Look below for the line that has "the time. |"; output exactly from it through the line that has "其中,点评环节中,两位评委提", and leave the pictures out.

Record extracts: Begin

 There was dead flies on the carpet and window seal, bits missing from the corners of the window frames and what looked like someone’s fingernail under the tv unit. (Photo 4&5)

Record extracts: End
Record extracts: Begin

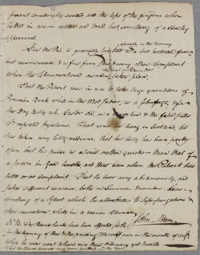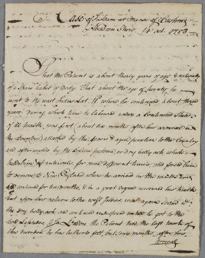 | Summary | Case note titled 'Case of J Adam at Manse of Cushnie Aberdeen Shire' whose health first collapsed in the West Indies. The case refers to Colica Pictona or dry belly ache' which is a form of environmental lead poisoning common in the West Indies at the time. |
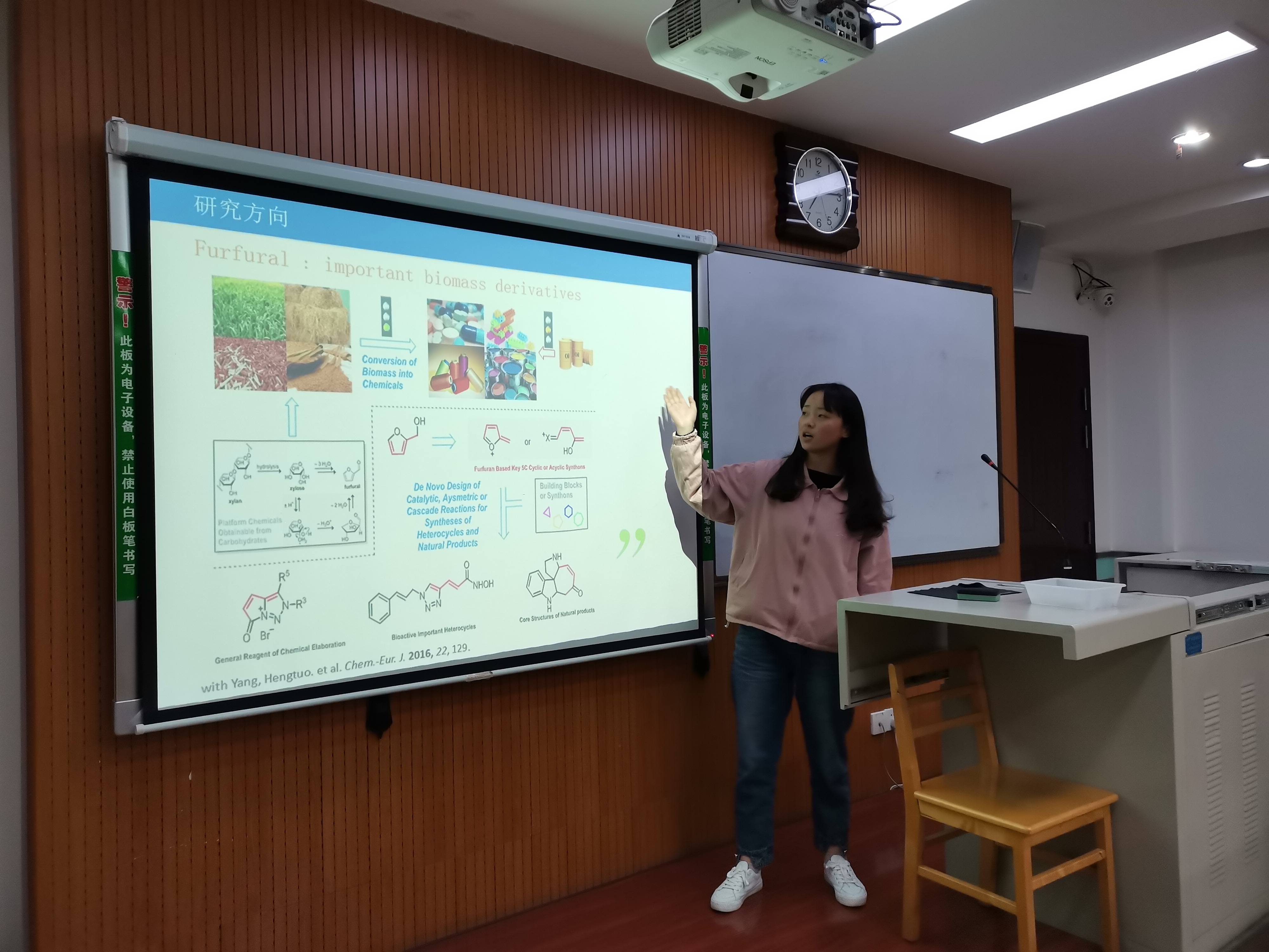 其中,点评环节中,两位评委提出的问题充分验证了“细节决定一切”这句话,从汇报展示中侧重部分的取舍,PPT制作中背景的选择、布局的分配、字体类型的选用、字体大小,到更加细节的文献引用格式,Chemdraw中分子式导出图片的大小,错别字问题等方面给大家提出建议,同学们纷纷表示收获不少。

Record extracts: End

#### Completed task:
 | Summary | Case note titled 'Case of J Adam at Manse of Cushnie Aberdeen Shire' whose health first collapsed in the West Indies. The case refers to Colica Pictona or dry belly ache' which is a form of environmental lead poisoning common in the West Indies at the time. |
 其中,点评环节中,两位评委提出的问题充分验证了“细节决定一切”这句话,从汇报展示中侧重部分的取舍,PPT制作中背景的选择、布局的分配、字体类型的选用、字体大小,到更加细节的文献引用格式,Chemdraw中分子式导出图片的大小,错别字问题等方面给大家提出建议,同学们纷纷表示收获不少。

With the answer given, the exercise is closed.